Атилла

         Лет тридцать назад этот парк был гордостью маленького городка. Могучие столетние дубы роняли ажурные листья на  дорожки, выложенные брусчаткой. Голуби уютно ворковали, оставляя белые кляксы своего восторга на охряных спинках скамеек. Шустрые белочки осмелели настолько, что брали еду из рук, иногда по дорожке деловито пробегал ежик. Разбрасывая радужные брызги, задорно журчал фонтан, посреди которого стояла гипсовая, крашенная под бронзу,  пасторальная колхозница со снопом колосьев. Днем на тенистых аллейках  царила умиротворяющая тишина, и только по вечерам из дальнего угла парка, где красовалась летняя танцплощадка, ветер доносил обрывки мелодий.
Время стерло былой лоск. Белочки с ежиками ушли куда-то, их сменили тощие бродячие псы, а вместо музыки из кустов  доносился пьяный мат. Гипсовая колхозница разлетелась на сотни кусков, изнасилованная неприличными надписями. Фонтан превратился в огромную урну. И только дубы по-прежнему отрешенно роняли свою листву.
Так было пару десятков лет. Уже выросло поколение, считающее, что парк всегда был именно таким. Уродливым фурункулом на лице города. Но пришел человек, чья память еще цепко хранила воспоминание о былом величии парка. О первом робком поцелуе в кустах жимолости, о горячих словах любви, произнесенных впервые на лавочке у фонтана. Человек не мог допустить увядания красоты и тут же взялся за дело.
             Серые кабинеты чиновников, лощеные, но неуютные  офисы спонсоров, пестрые, в масляной краске, мастерские художников, спартанские плотницкие мастерские. Человек ходил туда как на работу. Слышал четкие отказы, размазанные обещания. Ему крутили пальцем у виска, суетливо жали руку, мягко подталкивая к выходу. Человек не сдавался, несмотря ни на что.                И чудо случилось.

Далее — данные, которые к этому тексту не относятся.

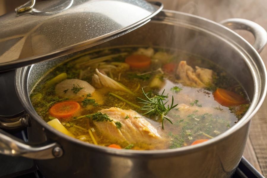Profesjonalna wskazówka: Podczas gotowania rosołu drobiowego pod przykryciem wystarczy pozostawić niewielką szczelinę, aby umożliwić delikatne odparowanie przy jednoczesnym zachowaniu większości aromatów.

Парк ожил. И не просто ожил, а стал жить новой, более яркой и насыщенной жизнью. Частые визиты гостей заставили его подтянуться и стать опрятнее.
             Ствол дуба обвила бронзовая, за неимением золота, цепь. На ней поселился гипсовый Кот Ученый. На хрупкой ветке с невинной бесстыдностью демонстрировала пышную грудь деревянная русалка. В кроне ясеня запуталась вместе со ступой кудлатая Баба Яга, а на полянке  за тополем бились не на жизнь,а на смерть жестяной рыцарь с драконом из автомобильных покрышек.   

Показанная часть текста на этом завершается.